In both rate cases, North Carolina customers are forced to pay coal ash and nuclear expenses – plus a 10 percent profit
Shameful as it is that the NC Utilities Commission last month ordered customers to pay hundreds of millions for Duke Energy’s coal ash negligence in the Duke-Progress rate case…
…and that, in doing so, those regulators defied all other parties, including Attorney General Josh Stein’s office…
…and that those regulators will likely do the same in the Duke-Carolinas rate case that’s nearing completion…
…and shameful as it is that Duke is also trying to force its Carolinas customers to pay nearly $600 million for its 13-year, failed effort to even begin construction of twin nuclear reactors – a project now cancelled, thankfully…
what’s even more shameful is that the Commission granted Duke a 10 percent mark-up on coal ash in the Progress case and that Duke’s seeking the same for coal ash and the nuclear boondoggle in the Carolinas case.
In other words, not only do monopoly-captive customers get stuck reimbursing the actual expenses caused by massive mistakes Duke executives made (and bearing all the pain being inflicted by coal ash), but Duke Energy also gets to make a hefty profit on those coal ash and nuclear debacles.
This profiting from major, predictable failures is directly linked to NC WARN’s key focus in the rate case: the $80 million-plus in influence money that Duke Energy invests each year – using customer money – to control and contort public officials, civic leaders and public opinion. Duke responded by threatening a libel suit, a threat that will not silence us.

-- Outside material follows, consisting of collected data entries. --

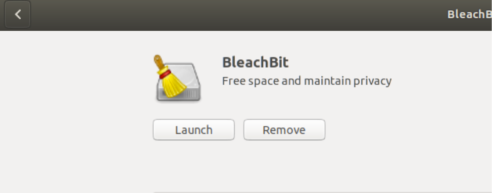 Ubuntu Software Center начнёт установку BleachBit и отобразит небольшой индикатор установки. По завершению установки вы увидите кнопки «Launch» (Запустить) и «Remove» (Удалить).
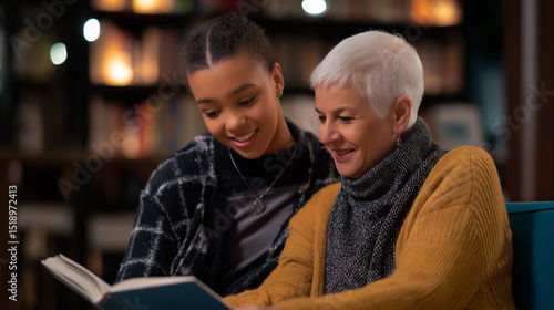 library, learning, tutoring, study, education, book, reading, senior, teenage, woman, help, student, cognition, mentor, friendship, teacher, girl, wisdom, literacy, together, academic, support, older, young, bookshelf, smiling, guidance, studying, heritage, cooperation, inspiring, lesson, youth, school, grandmother, university, connection, teaching, classroom, diversity, community, kindness, culture, storytelling
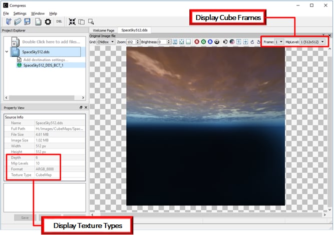 data types is provided, and additional format support will be available with the next release. MipLevel cube maps are supported, and users can view compressed cube-mapped files in DDS or KTX file formats.
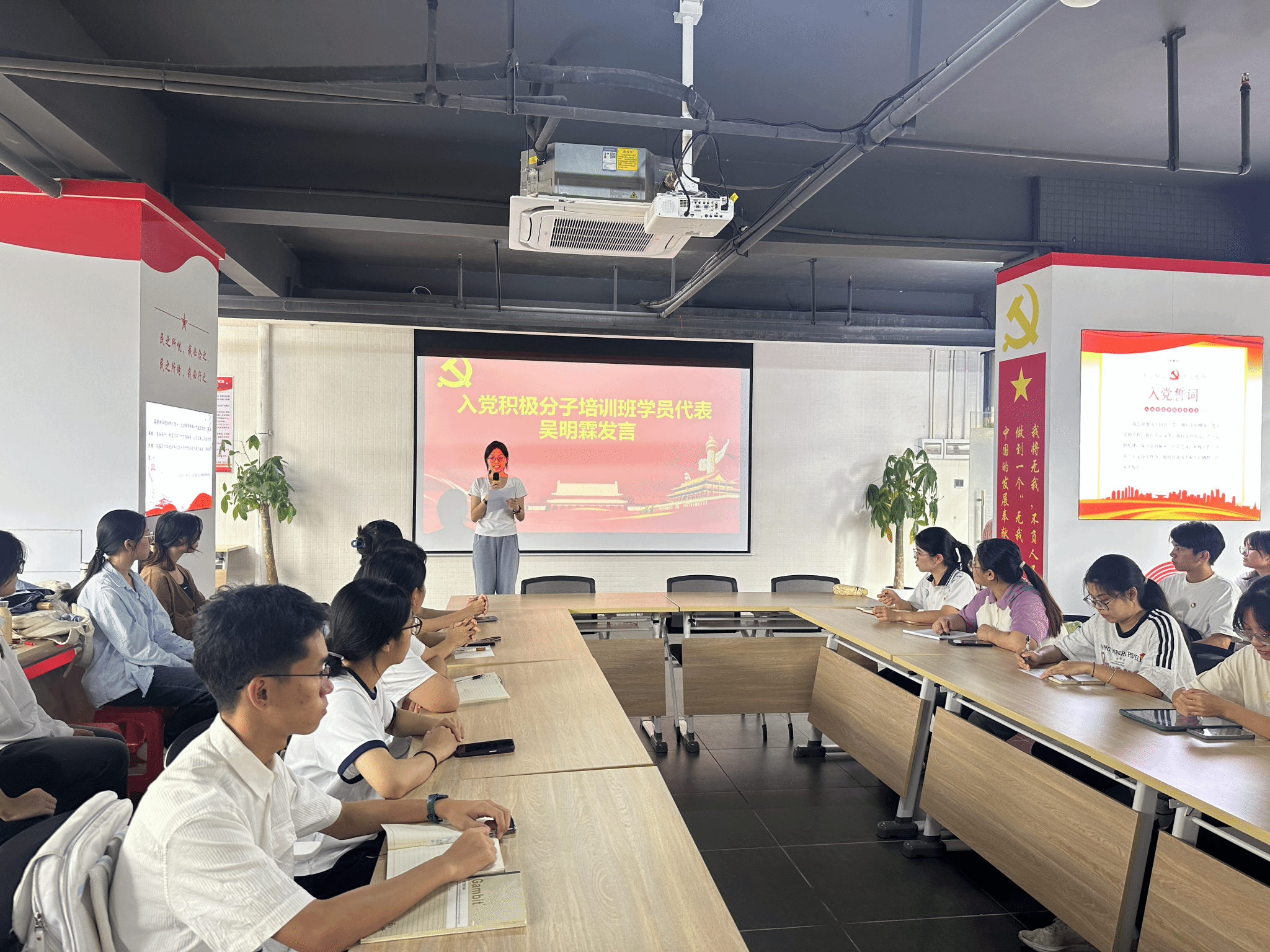 “青马工程”培训班学员代表林佩娜与入党积极分子培训班学员代表吴明霖分别发言,表示将珍惜培训机会,学以致用,并呼吁同学们勤奋学习知识,在学习中成长,在成长中实践,勇于担当,砥砺奋进,为学院学校发展贡献力量。
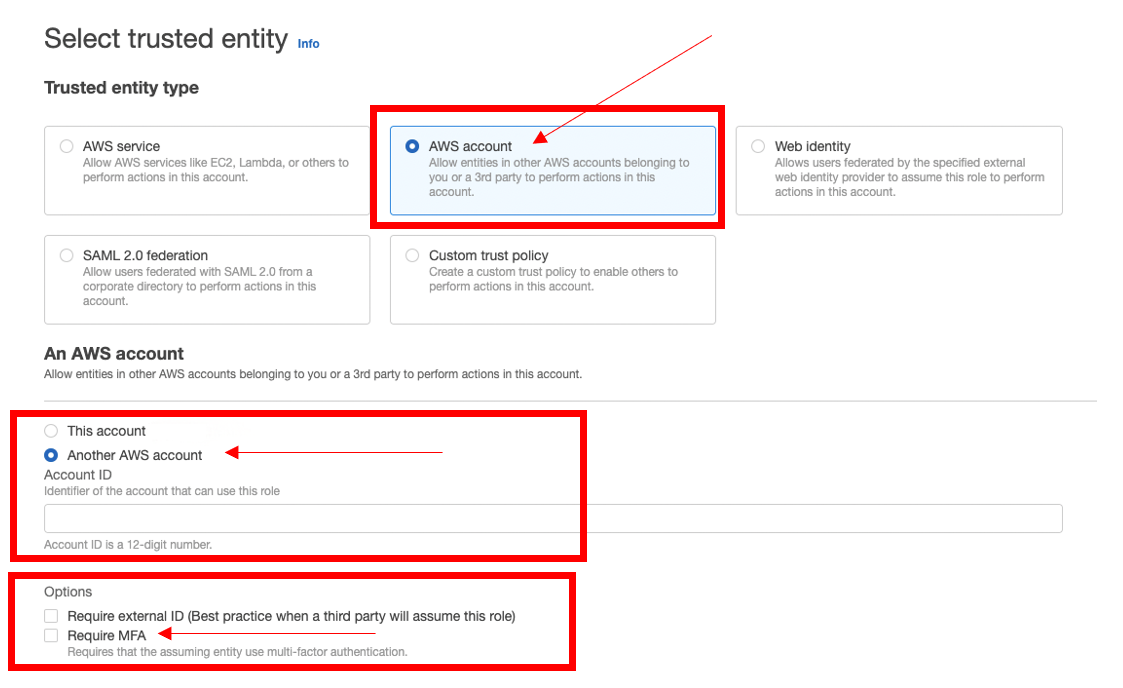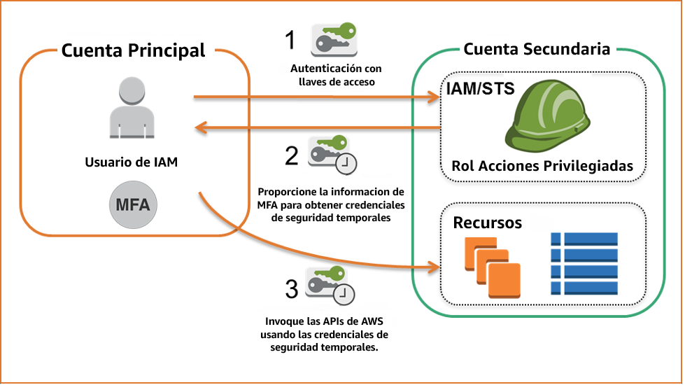 Muchos de ustedes poseen y administran varias cuentas de AWS, por lo que con frecuencia se preguntan cómo simplificar la administración del acceso entre esas cuentas. Los roles de IAM proporcionan un mecanismo seguro y controlable para permitir el acceso entre cuentas. Los roles permiten el acceso entre cuentas sin compartir credenciales y sin necesidad de crear usuarios de IAM duplicados. Es posible, añadir otro nivel de protección para el acceso entre cuentas, exigiendo que los usuarios se autentiquen mediante un dispositivo MFA antes de asumir un rol .
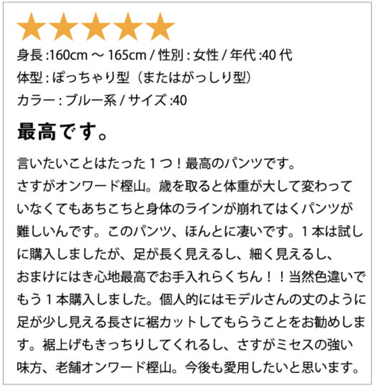 年中パンツ派も夏のパンツ選びは悩みのタネ。自由区からは夏のきれいめパンツとしてヒットを続けるパンツがランクイン!接触冷感の生地で熱がこもらず、吸湿速乾性にも優れ、さらりとしたはき心地が続きます。アクティブな夏には嬉しい防汚加工もプラス。さらに人気の秘密は、シルエットの美しさとサイズ展開が豊富なところ。XXS~XLまで幅広く対応可能です。
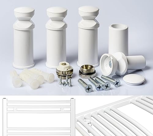 anapont Halterung für Badheizkörper in weiss chrom und schwarz geeignet für gerade und gebogene Heizkörper Befestigung (weiß)
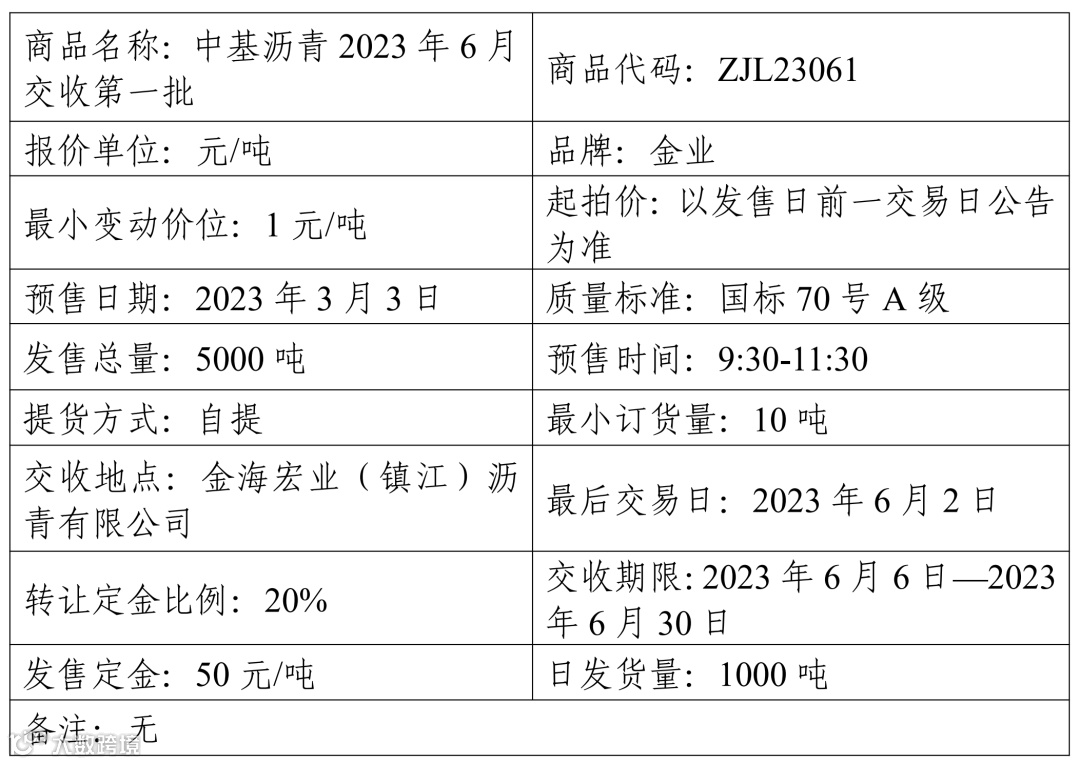 中基宁波集团股份有限公司定于2023年3月3日在产能预售系统中发售2023年6月交收第一批沥青产品,具体信息如下:
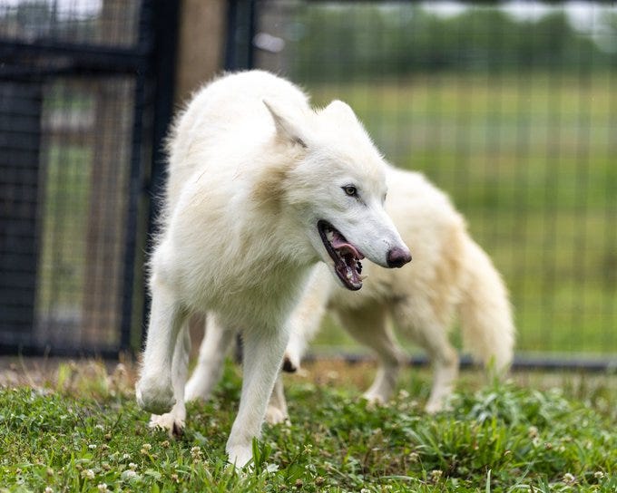 Now comparing the claimed “gene messed” ones with standard Arctic Wolves. Taking examples that are current in age which is around 1 yr old, they share identical features, longer pure white coat, aqualine snout, black gum-line, medium to short length ears, slight mane and completely in proportion head to body ratio. This last and most noticeable feature was one of the only claimed differences in anatomy between the Gray Wolf and Dire, yet it is absolutely clear that these Wolves do not have an enlarged head to body ratio.
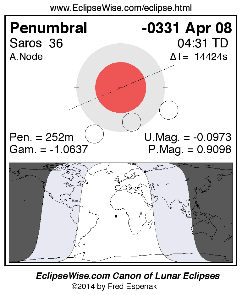 Penumbral Lunar Eclipse of -0331 Apr 08 (0332 Apr 08 BCE)
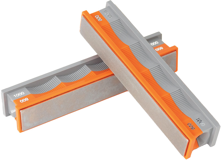 Two premium monocrystalline 8800 grit (orange) and 1000 grit (gray) diamond stones. Boxed.
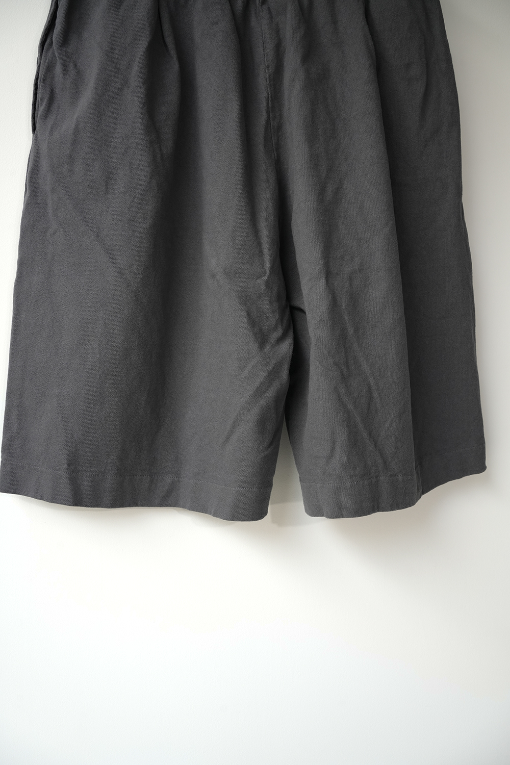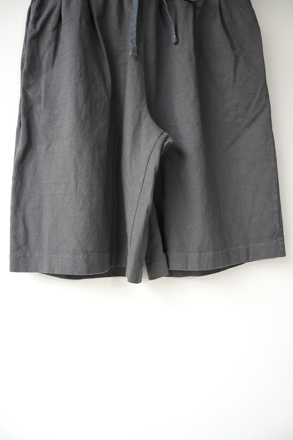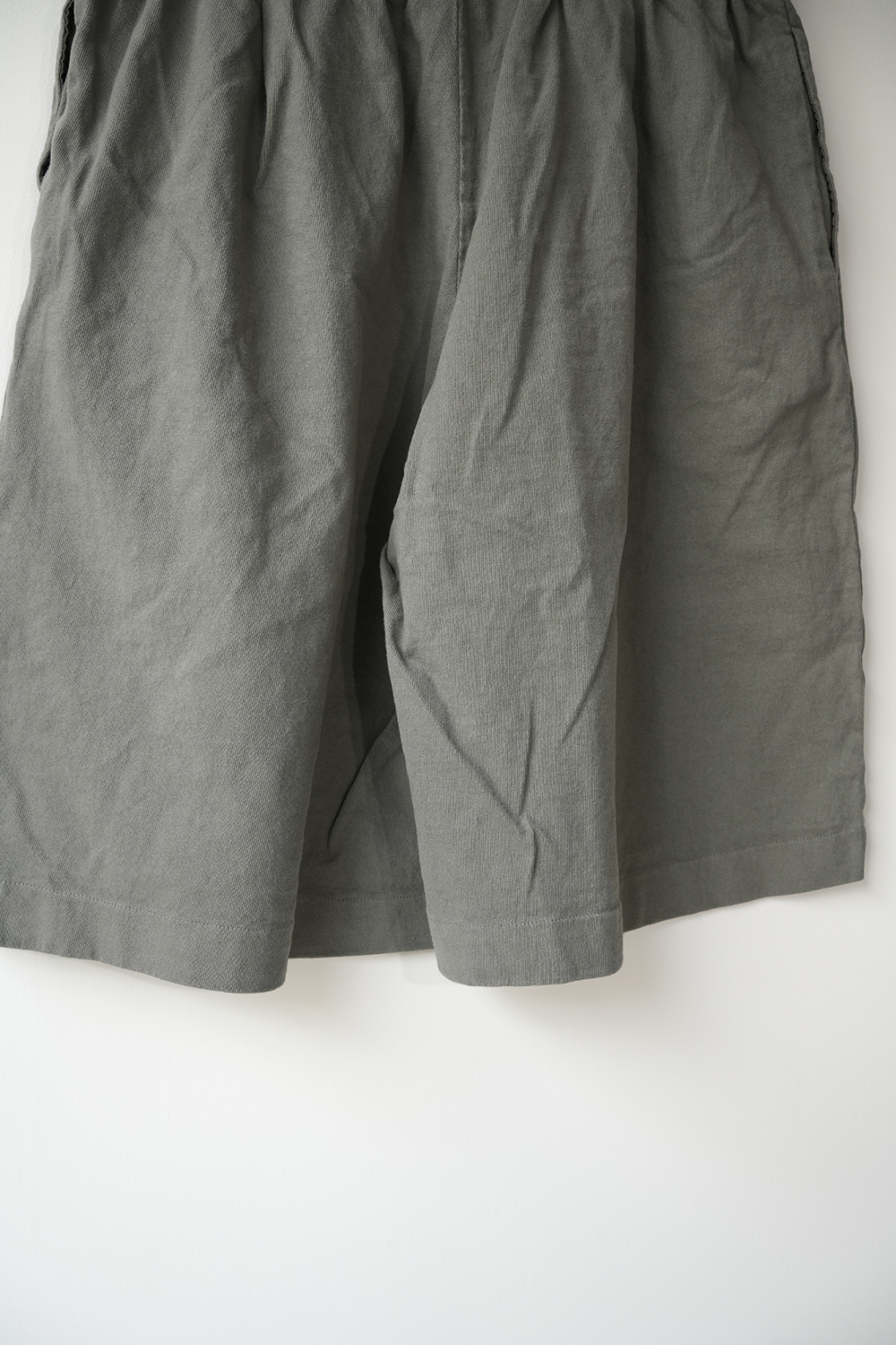 粗野でヘビーな肉感が特徴のUS天竺を製品染めしヴィンテージの風合いに洗い加工を加え仕上げられたロンTとショートパンツ。
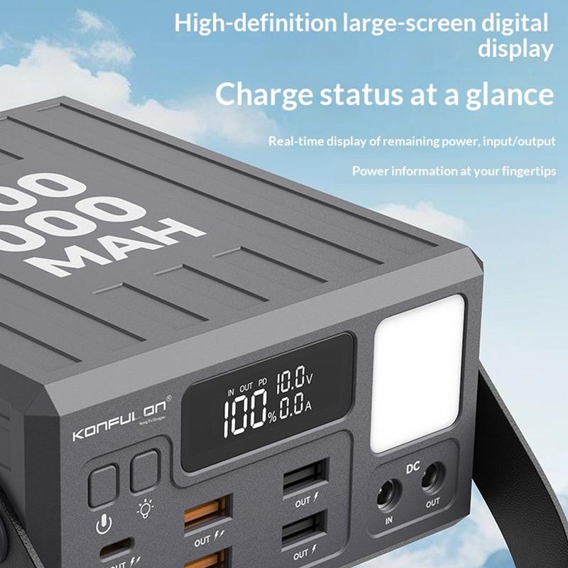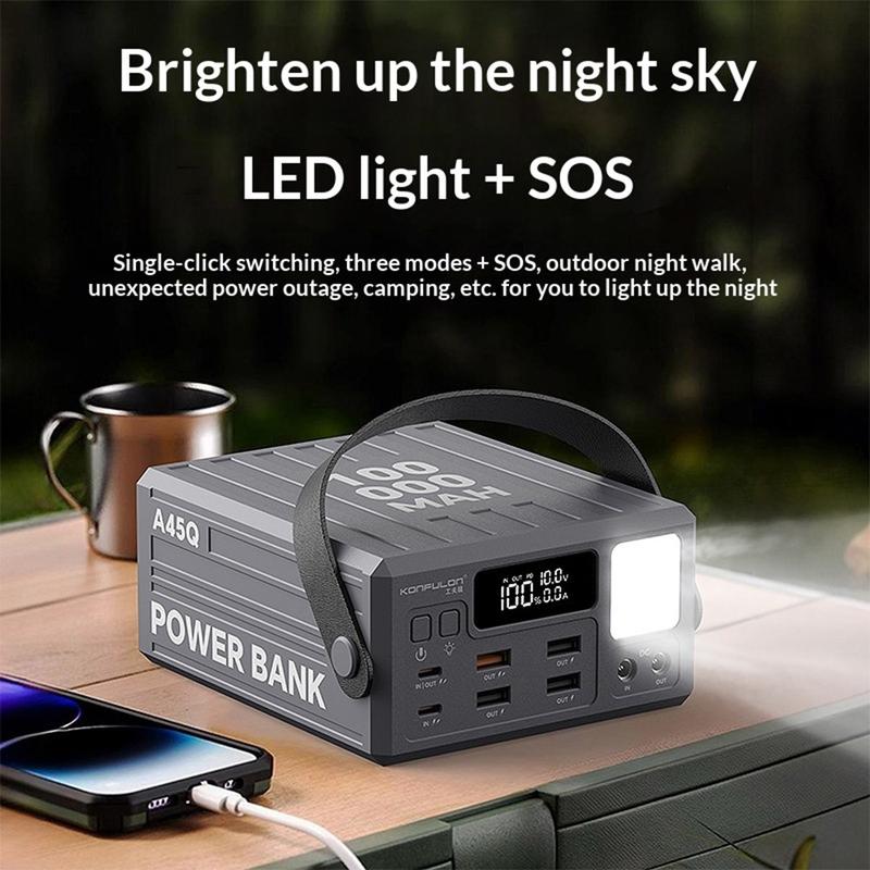 Alimenta más dispositivos durante más tiempo con el cargador portátil Konfulon A45Q de 100000mAh. Diseñado para viajes, actividades al aire libre, acampadas y como fuente de energía de reserva en casa, este cargador de alta capacidad ofrece un almacenamiento de energía fiable con 7 puertos de salida para cargar cómodamente varios dispositivos a la vez.
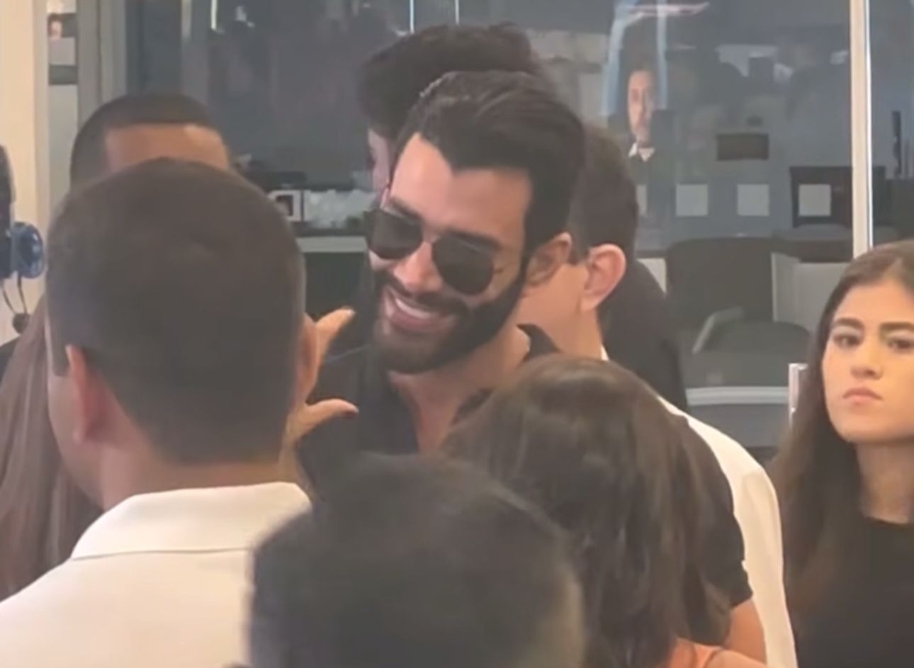 Um vídeo divulgado nas redes sociais mostra Gusttavo Lima sendo tietado por convidados e funcionários da empresa durante o evento.
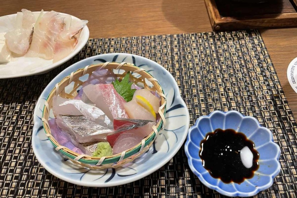お造りは、左手前から時計回りに、太刀魚、コチ、真鯛、平貝、シマアジの五種類でした。
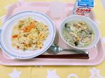 かき玉うどん 大豆とかぼちゃの甘辛揚げ 果物(小玉すいか) |
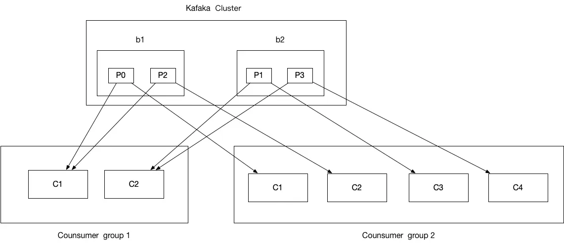 在 Kafka 中,一个主题在集群中会拥有一个以上分区,每个分区在每个消费集群中只能有一个消费者进行订阅消费,,但是一个消费者可以消费多个队列,与 RocketMQ 队列一样:
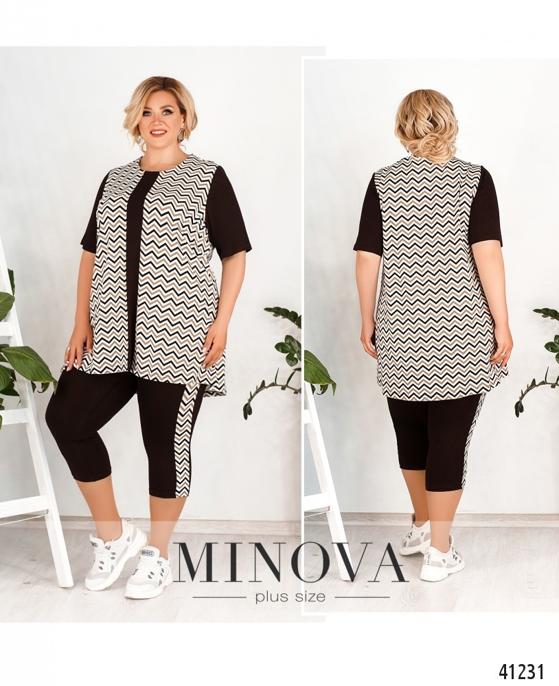 Яркий и оригинальный костюм-двойка батал с брюками и туникой. Туника с разрезами по бокам подола, без застёжек и карманов, рукава без манжет, вырез горловины полукруглый, на груди вытачки. Брюки со вшитой в пояс резинкой, без карманов, с лампасами.

The big question is whether the regulators will also go along with another massive boondoggle, Duke Energy’s proposed, multi-billion dollar “grid modernization” that would do little modernizing, but would spend some seven billion NC customer dollars over the next ten years, raising rates another 25 percent – just what investors want to see. Duke wants to break longstanding precedent by creating a virtually automatic annual collection without going through an open, thorough rate case.
Additional rate hikes will come in the form of the “multiple rate cases” in the works, as CEO Lynn Good told happy investors last month, as Duke keeps building climate-wrecking, fracked gas power plants and pipelines.
The people of North Carolina should tell utilities commissioners and politicians to reject Duke Energy’s efforts to profit from its executives’ poor decisions and stand up against the corporate influence that is subverting our democracy.